# Forum Home Renovation Home Theatres  Ceiling mounting a projector and other qu's?

## Shannon Nash

I am reviewing projectors to purchase around xmas time. I wish to ceiling mount it. 
Has anyone done this. I have a couple of other qu's and would appreciate any advice. 
Anyone bought the BENQ w100? How have you found it?
Do you have to build a box/structure b/w roof trusses to support the bracket? Surely you would not trust to plaster board only.
Could you use a piece of say 50mm plummers pipe in the roof cavity in which to run the cables from the set top box/amp/dvd to the projector? It would have to be the same type of plastic as electrical conduit and not cause static?
Has anyone mounted surround speakers on the walls? are the ~$40 pair of brakets easy to use? secure? 
Has anyone set their up and have advice for those of us considering it? 
Thanks
SN

----------


## Dr Jan Itor

> Has anyone done this. I have a couple of other qu's and would appreciate any advice.

  Yes.  I did this a couple of months ago.   

> Do you have to build a box/structure b/w roof trusses to support the bracket? Surely you would not trust to plaster board only.

  There's no way the plaster could support something as heavy as a projector.  I screwed a 20mm board to the top of the trusses and pushed the bracket bolt through the plaster and the board.   

> Could you use a piece of say 50mm plummers pipe in the roof cavity in which to run the cables from the set top box/amp/dvd to the projector?

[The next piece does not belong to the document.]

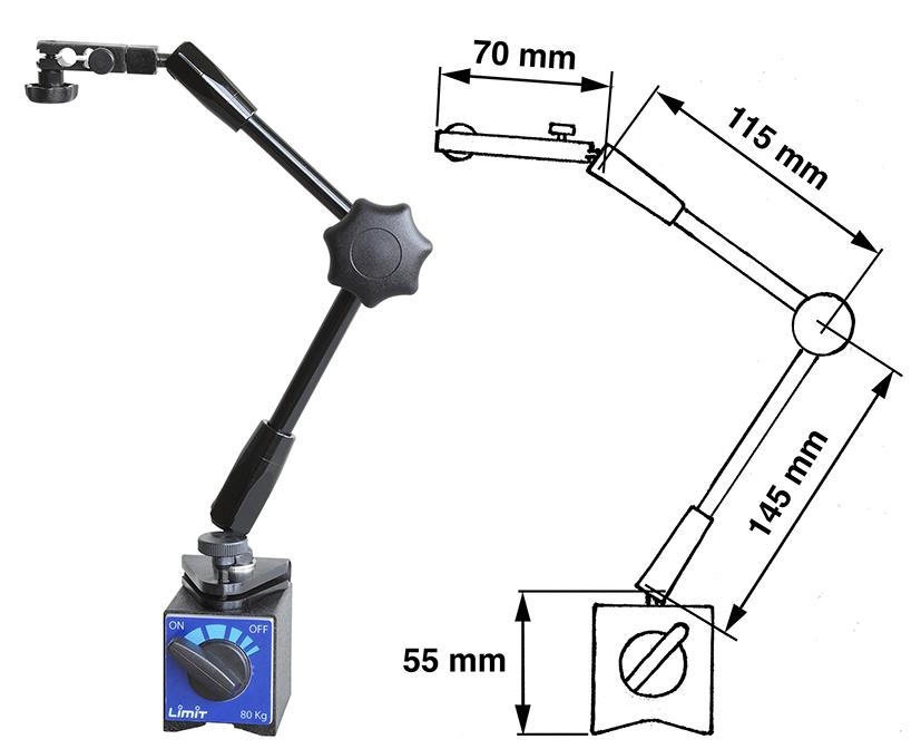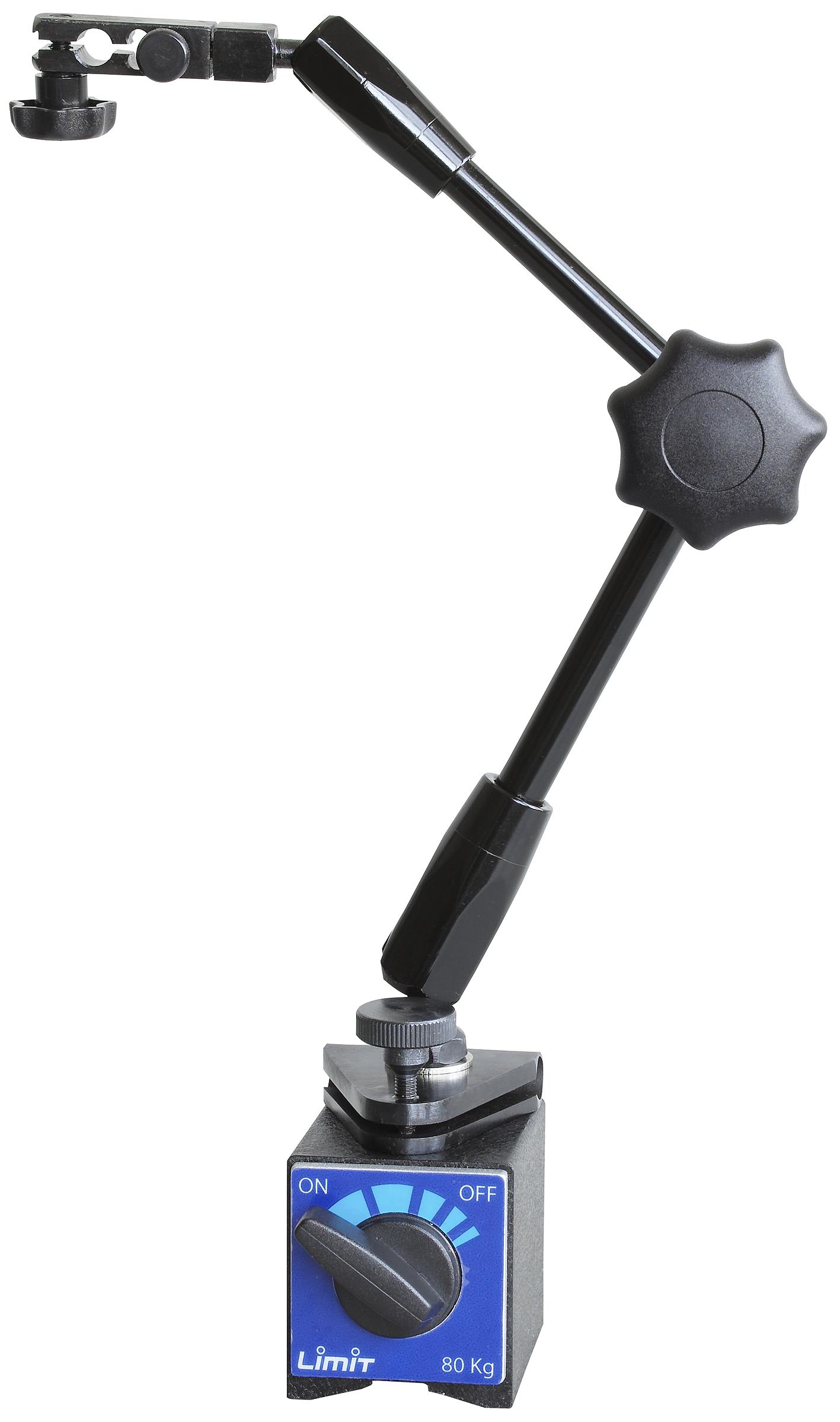 Z mechanizmem ustawiania dokładnego przy podstawie. Wyposażony w otwór na osadzenie czujnika zegarowego, oraz rowek trapezowy do czujnika wychylnego dźwigniowego. Centralne blokowanie pokrętłem jednocześnie dolnego, środkowego i górnego przegubu. Podstawa magnetyczna z rowkiem pryzmatycznym od spodu. Dostarczany bez czujnika.

It would have to be the same type of plastic as electrical conduit and not cause static?

  I skipped the conduit and just ran the cables across the roof insulation.  As long as you don't run it right next to a power cable there shouldn't be any issues.   

> Has anyone mounted surround speakers on the walls? are the ~$40 pair of brakets easy to use? secure?

  I got a set for around $30 from this guy on ebay.  Also check out his value packs in the wall plate section of the menu.  Excellent value!

----------


## sol381

Try this mob for hiding your projector in teh ceiling.. I think theyre products are available at harvey norman or clive peeters.. THey have suppliers on their website. http://www.ultraliftaustralia.com.au...lift_index.htm 
The benqw100 seems ok for an entry level projector.. Good lumens but low resolution.  You`ll need to spend at least 3 grand for a half decent projector.. Id try and get at least 1280  x 780 res.
Check out ebay . http://electronics.listings.ebay.com...istingItemList  
Have a look at this review and maybe check out a few more here. http://www.projectorreviews.com/Manu...W100/index.asp. 
As for hanging rear speakers. It all depends on size i guess. I did renovations at my hourse and ran the wires inside the wall and nailed some nogs where i was going to hang the speakers so they had support. MIne are pretty small so i just put a long screw in the wall and hung the speakers over the clip at the back.
As dr jan said look at selbys on ebay . i have bought from them and they are very good.. The brackets seem like just what you need.
stef

----------